Anyone know where to get some!? I can find the coarse grade everywhere.... the manufacturer website says nothing about it being discontinued or anything as far as I can see, but i cant find it anywhere.....


----------



## Sean W. (Oct 12, 2013)

http://www.petsolutions.com/C/Fresh...dTJ8cqcfNQuvSumBU6Uj1O6r0xZZEC4iGYaAnLH8P8HAQ


----------



## mpooyan83 (Jun 4, 2014)

Sean W. said:


> http://www.petsolutions.com/C/Fresh...dTJ8cqcfNQuvSumBU6Uj1O6r0xZZEC4iGYaAnLH8P8HAQ


regular eco complete is 22$ or so...sux that the fine grade is quite a bit more.


----------



## jrill (Nov 20, 2013)

Check out dr foster and smith. They usually have it listed.


----------



## Aqua nut (Jul 5, 2014)

jrill said:


> Check out dr foster and smith. They usually have it listed.

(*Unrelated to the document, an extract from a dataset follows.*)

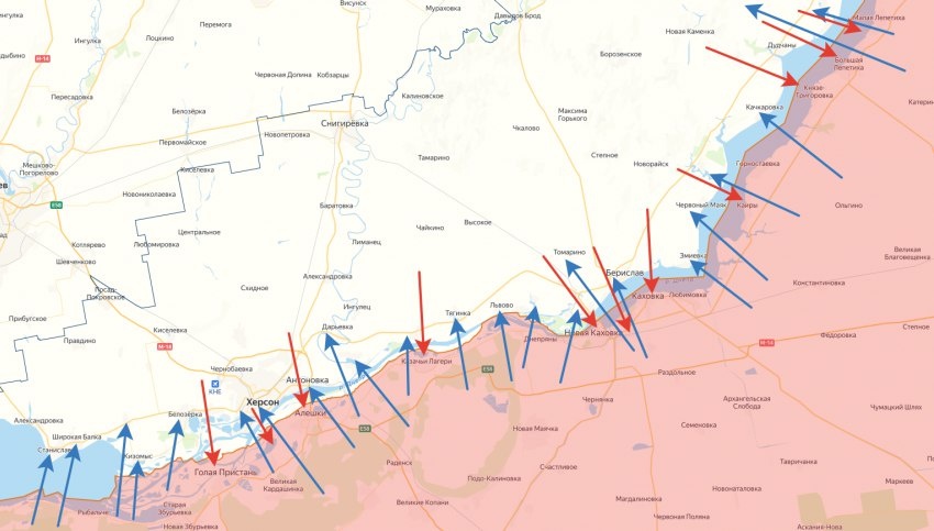 Что касается правобережья, там под удары попали Херсон, Кизомыс, Станислав, Томина Балка, Новодмитровка, Дарьевка, Фёдоровка, Шляховое, Новоалександровка, Широкая Балка, Антоновка, Нововоронцовка, Камышаны, Гончарное, Качкаровка, Красный Маяк, Садовое, Белозёрка, Приозёрное, Приднепровское, Берислав, Томарино, Львово, Понятовка, Саблуковка, Гавриловка, Ивановка, Осокоровка, Токаревка, Веровка, Михайловка, Николаевка, Змиевка, Республиканец, Весёлое, Тягинка, Отрадокаменка и Казацкое.

That's where I order it from


----------



## mpooyan83 (Jun 4, 2014)

Aqua nut said:


> That's where I order it from


I checkedem, they didnt have fine listed for some reason.... I think carbsea is running short on it. I asked an LFS to call to special order.... they said 2 out of 3 warehouse in the country don't ever carry it, and the 1 that does, is out at the moment.


----------



## mpooyan83 (Jun 4, 2014)

Another update from my LFS that tried ordering update. He said he got a call back from Caribsea, they told him they have discontinued making the Fine-grade, due to the cost of grinding being too high...... such bs.... so I tried to order from PetSolutions for the 30$ a bag to see if they will send it. If they ship from the manufacturer, they'll probably come back and say they are out and refund me.

another update: I called petsolutions, the lady said they ship from their own warehouse, and have 14 left....


----------



## rrattani (Sep 3, 2014)

Big Al's pets seem to have still has Eco-Complete fine grade in stock

http://www.bigalspets.com/eco-complete-planted-fine-black-20-lb.html


----------